Activity → Please give back, word for word, only the lines starting at the one containing "Lorsque vous utilisez" and ending at the one containing "MOTOREX Motorcycle Swiss" within the material below.

[[ Listed entries, beginning ]]

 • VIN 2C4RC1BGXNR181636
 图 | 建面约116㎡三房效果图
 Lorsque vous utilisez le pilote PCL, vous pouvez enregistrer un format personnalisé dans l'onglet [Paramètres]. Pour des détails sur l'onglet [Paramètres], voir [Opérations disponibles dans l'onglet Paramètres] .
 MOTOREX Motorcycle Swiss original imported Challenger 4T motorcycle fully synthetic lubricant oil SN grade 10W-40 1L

[[ Listed entries, end ]]
[[ Listed entries, beginning ]]

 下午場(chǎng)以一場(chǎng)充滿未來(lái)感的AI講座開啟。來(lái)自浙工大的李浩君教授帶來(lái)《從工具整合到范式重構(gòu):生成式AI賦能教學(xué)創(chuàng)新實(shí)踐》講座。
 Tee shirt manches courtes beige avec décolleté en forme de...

[[ Listed entries, end ]]

Completed exercise →
 Lorsque vous utilisez le pilote PCL, vous pouvez enregistrer un format personnalisé dans l'onglet [Paramètres]. Pour des détails sur l'onglet [Paramètres], voir [Opérations disponibles dans l'onglet Paramètres] .
 MOTOREX Motorcycle Swiss original imported Challenger 4T motorcycle fully synthetic lubricant oil SN grade 10W-40 1L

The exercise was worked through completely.